Comparing these results against those from :doc:`tut_pred`, we can see that BERT features get a Pearson r of 0.6621, outperforming LDA topics + unigrams, which get an r of 0.6496.

There's a natural question we've glossed over here: what exactly do the BERT features look like? We can check the contents of the feature table in MySQL:

.. code-block:: bash

	mysql> SELECT * FROM feat$bert_ba_un_meL10con$msgs_xxx$user_id$16to16 LIMIT 10;
	+----+----------+------+-----------------------+-----------------------+
        | id | group_id | feat | value                 | group_norm            |
        +----+----------+------+-----------------------+-----------------------+
        |  1 |      666 | 0me  |  -0.20481809973716736 |  -0.20481809973716736 |
        |  2 |      666 | 1me  |  -0.48483654856681824 |  -0.48483654856681824 |
        |  3 |      666 | 2me  |    1.1650058031082153 |    1.1650058031082153 |
        |  4 |      666 | 3me  |   -0.5072966814041138 |   -0.5072966814041138 |
        |  5 |      666 | 4me  |   0.40456074476242065 |   0.40456074476242065 |
        |  6 |      666 | 5me  |   -0.6585525274276733 |   -0.6585525274276733 |
        |  7 |      666 | 6me  | -0.019926181063055992 | -0.019926181063055992 |
        |  8 |      666 | 7me  |    0.2585161030292511 |    0.2585161030292511 |
        |  9 |      666 | 8me  |   -0.2901904881000519 |   -0.2901904881000519 |
        | 10 |      666 | 9me  |   -0.2664993405342102 |   -0.2664993405342102 |
        +----+----------+------+-----------------------+-----------------------+

The names of the ``feat`` column may seem a bit opaque at first, but they are simple to interpret: the number indicates the index of the dimension in the BERT embedding vector, while the ``me`` indicates that the message embeddings were aggregated using the mean.
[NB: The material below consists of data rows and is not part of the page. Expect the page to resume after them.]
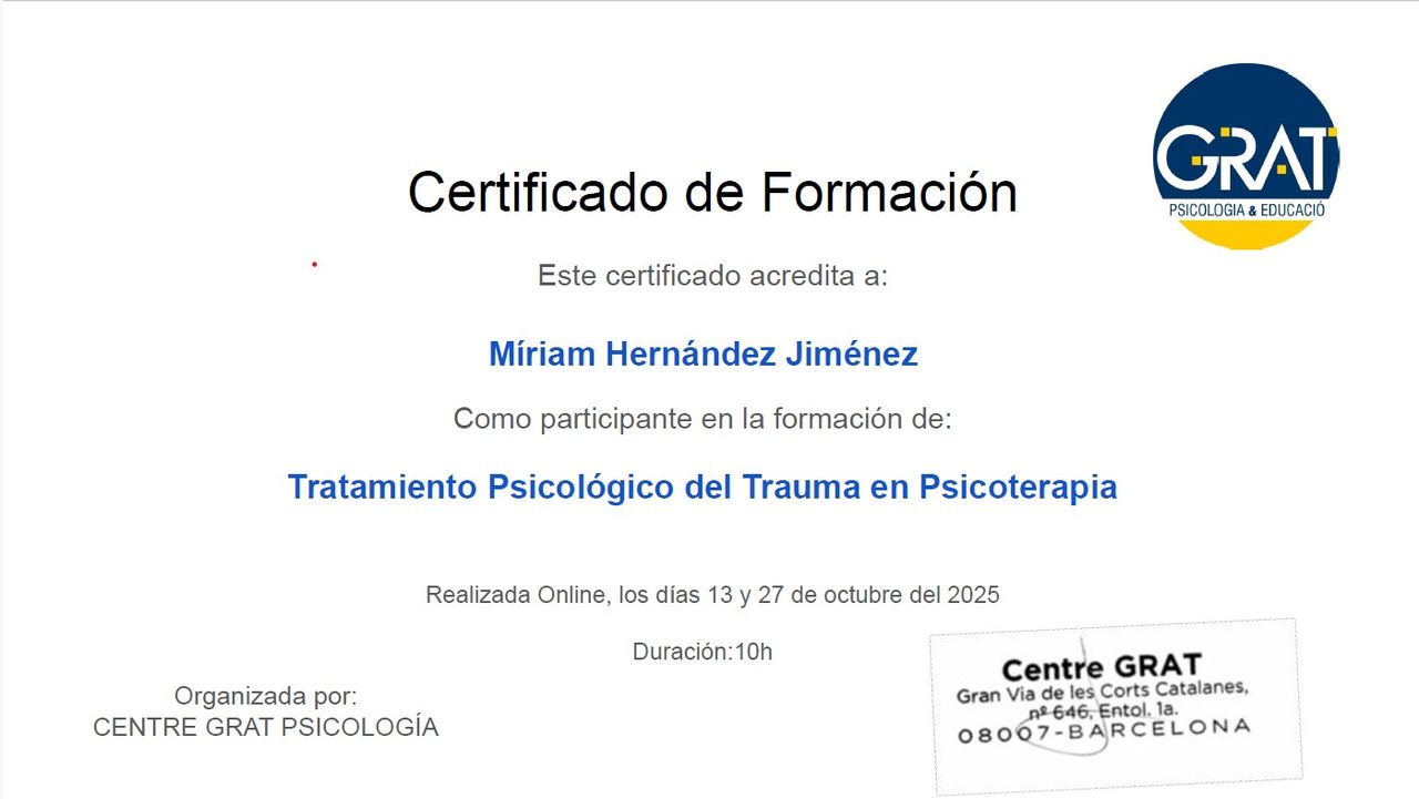 Estic encantada amb la Míriam. Proporciona un ambient segur on et pots expressar i sentir-te entesa, sense jutjar i anant una mica més enllà. Es preocupa per empatitzar amb la teva manera de veure i de viure les coses, sense recórrer a discursos preconcebuts ni caure en tòpics.
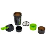 Шейкер состоит из основной ёмкости для смешивания коктейлей и двух съёмных контейнеров для хранения добавок. Один из них оснащён специальной вставкой, разделённой на три части, что позволяет взять с собой несколько разных добавок. Все они имеют резьбу и последовательно соединяются между собой в единую конструкцию. Закрывается шейкер герметичной крышкой. Тщательность перемешивания ингредиентов коктейля обеспечивает специальная вставка – конусообразная сеточка с венчиком, который не позволяет порошку сбиться в комки.
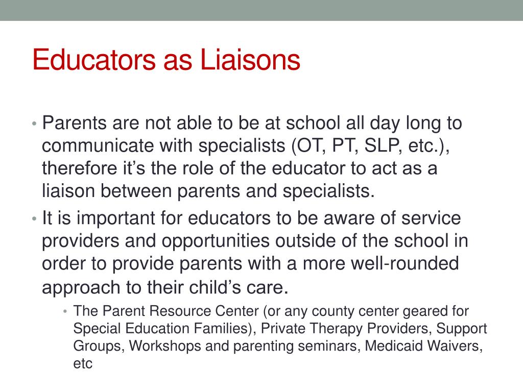 Educators as Liaisons • Parents are not able to be at school all day long to communicate with specialists (OT, PT, SLP, etc.), therefore it’s the role of the educator to act as a liaison between parents and specialists. • It is important for educators to be aware of service providers and opportunities outside of the school in order to provide parents with a more well-rounded approach to their child’s care. • The Parent Resource Center (or any county center geared for Special Education Families), Private Therapy Providers, Support Groups, Workshops and parenting seminars, Medicaid Waivers, etc
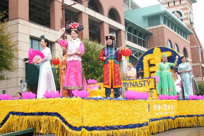 休斯顿马丁路德金大游行中的新唐人电视台的花车,向观众展示中国的传统文化 2007-1-15

If you have specified multiple message aggregations, these will appear as separate features. Since BERT produces vectors of length 768, this means each ``group_id`` will have ``768 * [number of message aggregations]`` features. Each dimension of the aggregated BERT embedding vector then serves as a distinct feature in the predictive model.